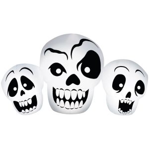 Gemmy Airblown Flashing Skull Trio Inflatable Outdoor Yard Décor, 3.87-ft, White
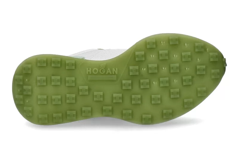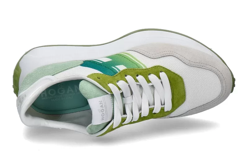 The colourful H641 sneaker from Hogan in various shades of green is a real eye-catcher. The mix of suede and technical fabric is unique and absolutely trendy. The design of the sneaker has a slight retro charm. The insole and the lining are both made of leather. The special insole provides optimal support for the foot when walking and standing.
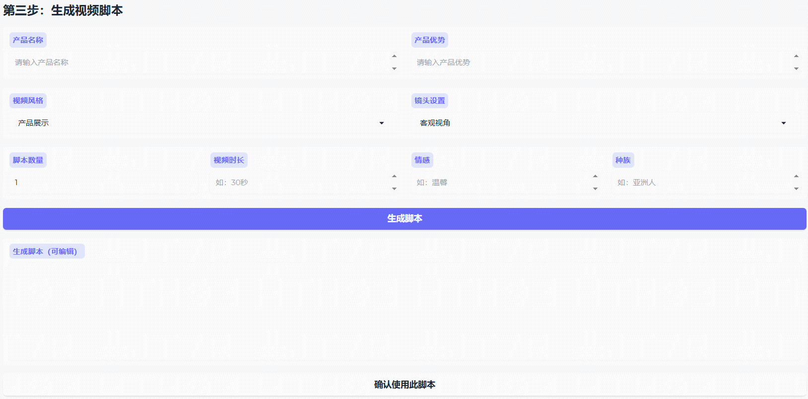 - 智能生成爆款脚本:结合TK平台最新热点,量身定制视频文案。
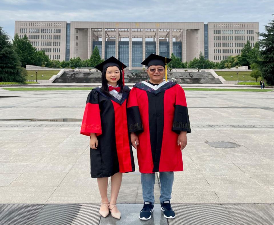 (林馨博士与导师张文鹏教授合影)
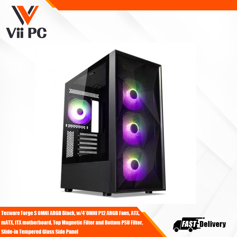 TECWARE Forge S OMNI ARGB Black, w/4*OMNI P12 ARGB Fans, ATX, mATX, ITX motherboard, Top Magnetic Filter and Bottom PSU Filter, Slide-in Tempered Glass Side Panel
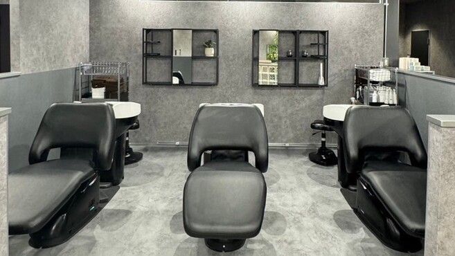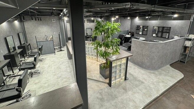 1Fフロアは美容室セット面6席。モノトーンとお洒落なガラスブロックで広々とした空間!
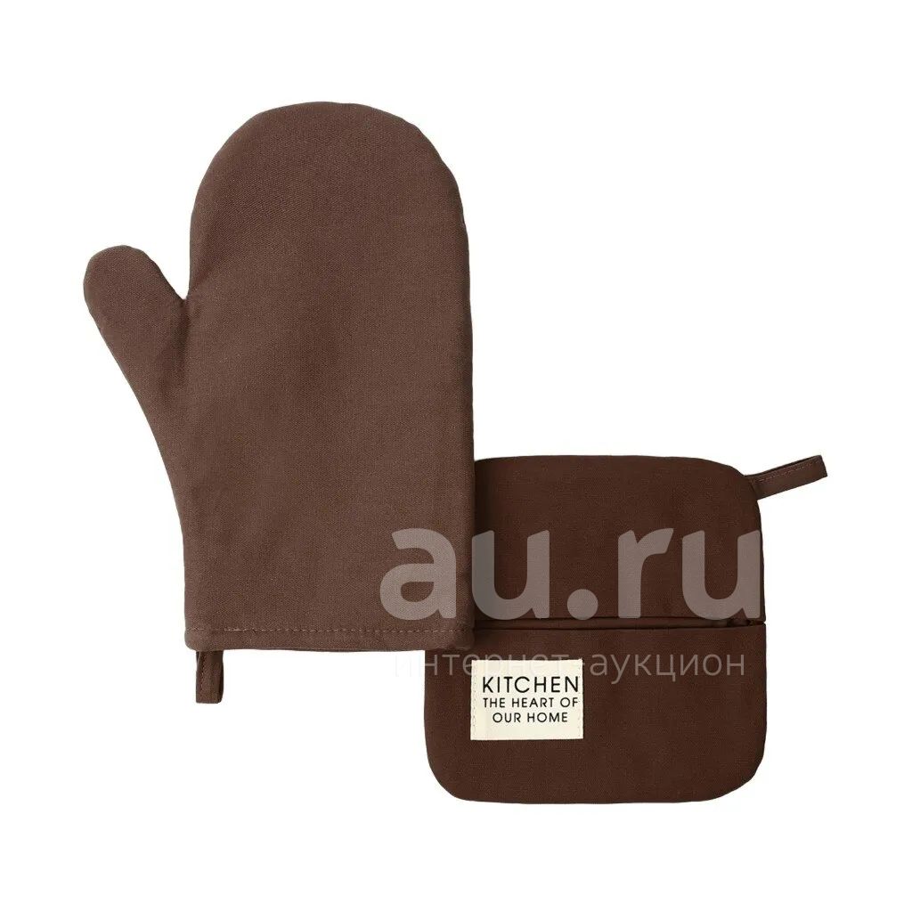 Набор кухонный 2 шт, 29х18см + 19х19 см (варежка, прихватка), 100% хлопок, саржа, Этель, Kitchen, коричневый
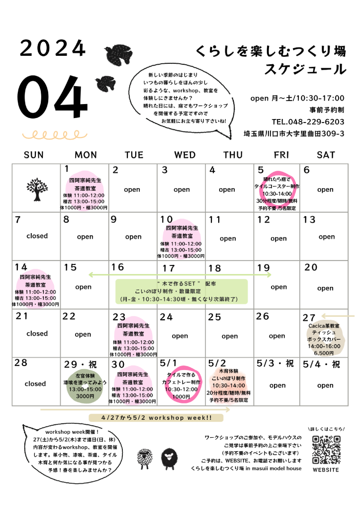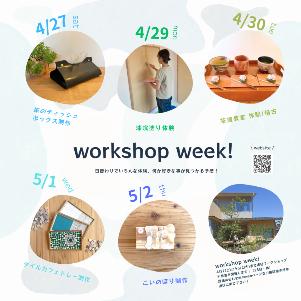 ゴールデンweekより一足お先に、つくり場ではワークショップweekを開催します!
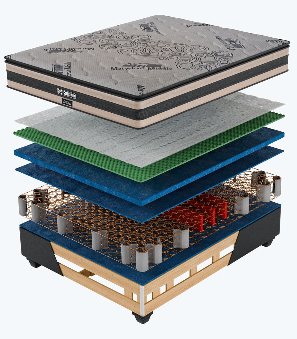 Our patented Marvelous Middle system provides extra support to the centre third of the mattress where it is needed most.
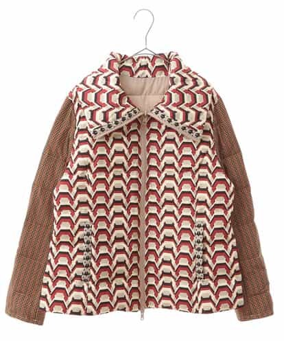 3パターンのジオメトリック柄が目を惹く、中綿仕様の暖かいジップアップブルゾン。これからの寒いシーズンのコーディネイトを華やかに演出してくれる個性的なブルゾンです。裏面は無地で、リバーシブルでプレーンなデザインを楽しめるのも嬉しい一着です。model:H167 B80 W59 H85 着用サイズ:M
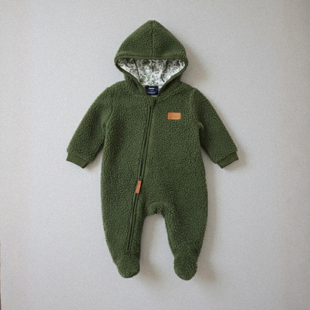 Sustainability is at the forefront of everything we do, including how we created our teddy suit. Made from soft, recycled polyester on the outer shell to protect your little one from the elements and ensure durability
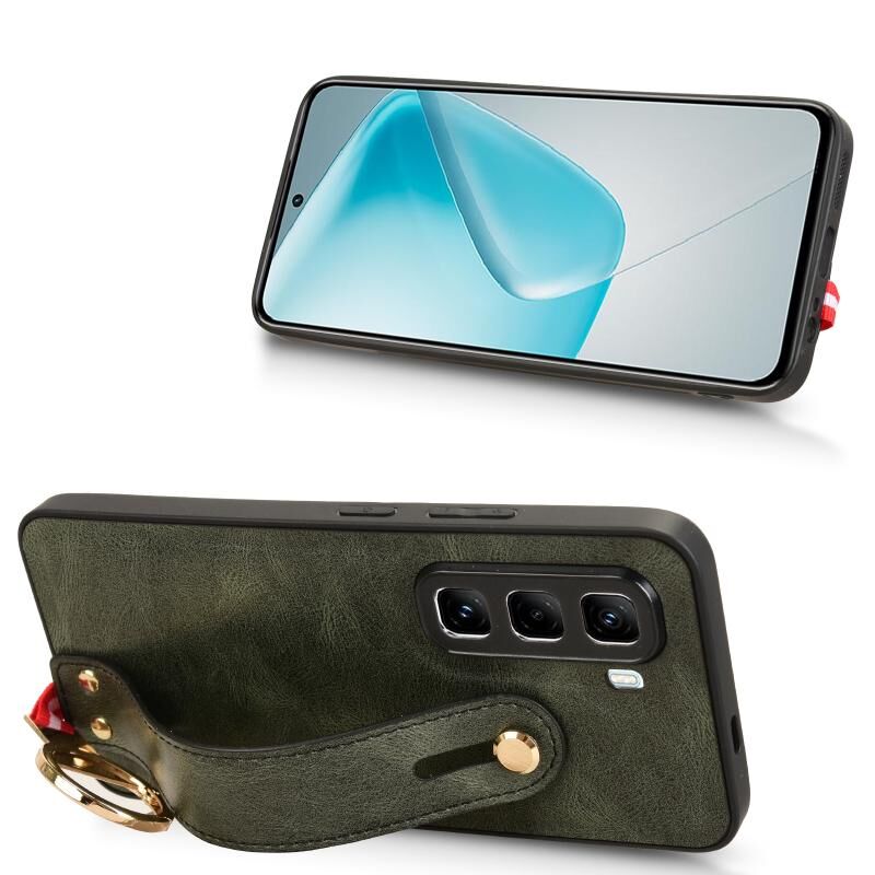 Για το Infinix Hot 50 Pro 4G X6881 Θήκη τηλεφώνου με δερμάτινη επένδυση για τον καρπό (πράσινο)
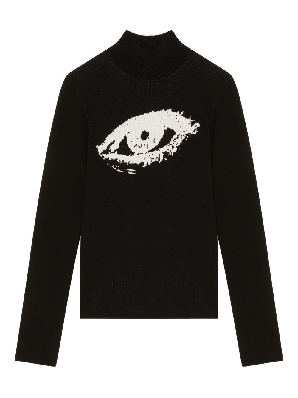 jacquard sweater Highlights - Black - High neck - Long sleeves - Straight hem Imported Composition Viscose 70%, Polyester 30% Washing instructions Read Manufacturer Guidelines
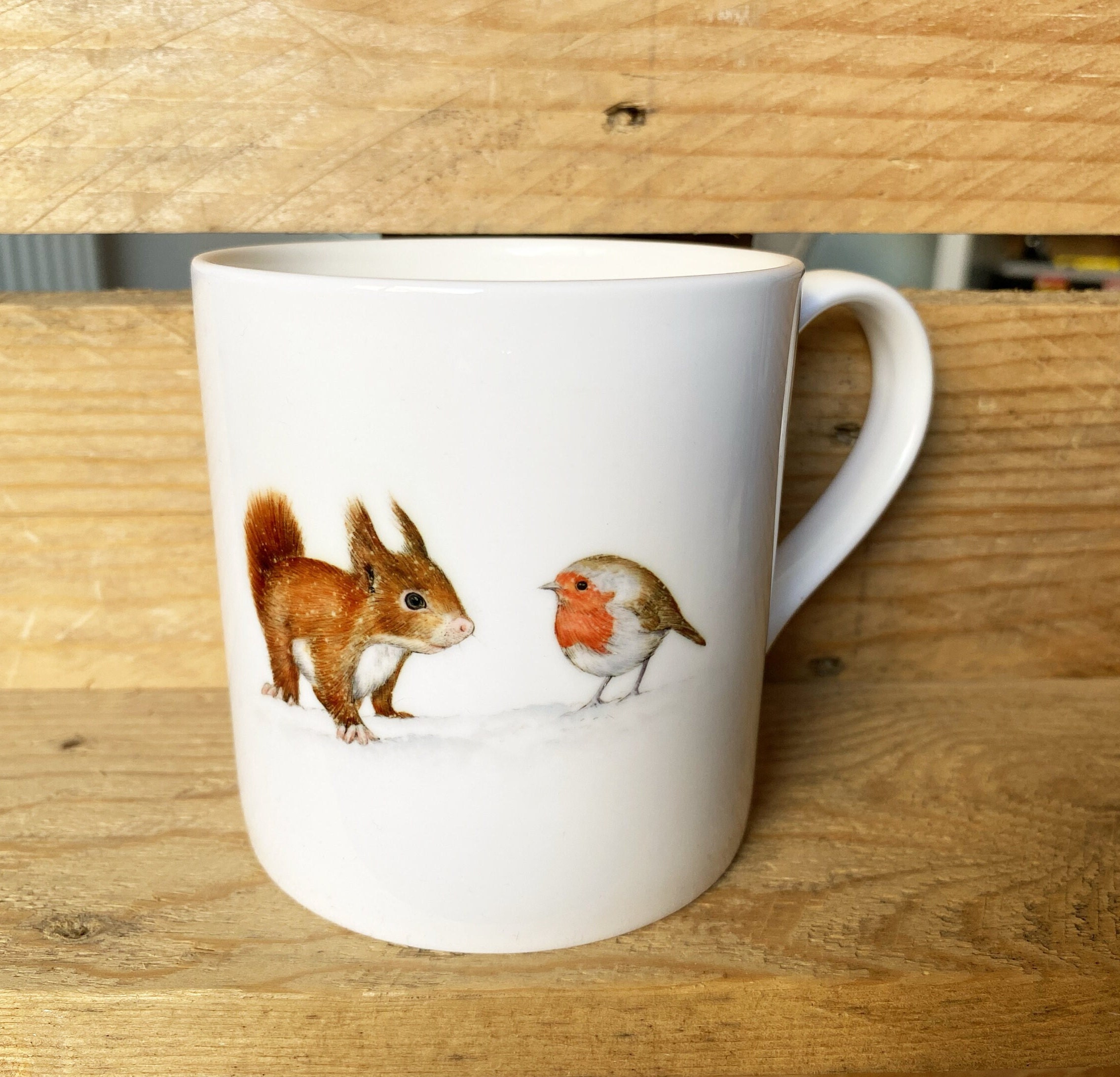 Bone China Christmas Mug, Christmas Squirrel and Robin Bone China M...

....................

§ Assigned task:
The line with "- 智能生成爆款脚本:结合TK平台最新热点,量身定制视频文案。" marks the start, and the last line of the material marks the end. Reproduce exactly those two lines and every line between them, without the pictures.

§ Your solution:
 - 智能生成爆款脚本:结合TK平台最新热点,量身定制视频文案。
 (林馨博士与导师张文鹏教授合影)
 TECWARE Forge S OMNI ARGB Black, w/4*OMNI P12 ARGB Fans, ATX, mATX, ITX motherboard, Top Magnetic Filter and Bottom PSU Filter, Slide-in Tempered Glass Side Panel
 1Fフロアは美容室セット面6席。モノトーンとお洒落なガラスブロックで広々とした空間!
 Набор кухонный 2 шт, 29х18см + 19х19 см (варежка, прихватка), 100% хлопок, саржа, Этель, Kitchen, коричневый
 ゴールデンweekより一足お先に、つくり場ではワークショップweekを開催します!
 Our patented Marvelous Middle system provides extra support to the centre third of the mattress where it is needed most.
 3パターンのジオメトリック柄が目を惹く、中綿仕様の暖かいジップアップブルゾン。これからの寒いシーズンのコーディネイトを華やかに演出してくれる個性的なブルゾンです。裏面は無地で、リバーシブルでプレーンなデザインを楽しめるのも嬉しい一着です。model:H167 B80 W59 H85 着用サイズ:M
 Sustainability is at the forefront of everything we do, including how we created our teddy suit. Made from soft, recycled polyester on the outer shell to protect your little one from the elements and ensure durability
 Για το Infinix Hot 50 Pro 4G X6881 Θήκη τηλεφώνου με δερμάτινη επένδυση για τον καρπό (πράσινο)
 jacquard sweater Highlights - Black - High neck - Long sleeves - Straight hem Imported Composition Viscose 70%, Polyester 30% Washing instructions Read Manufacturer Guidelines
 Bone China Christmas Mug, Christmas Squirrel and Robin Bone China M...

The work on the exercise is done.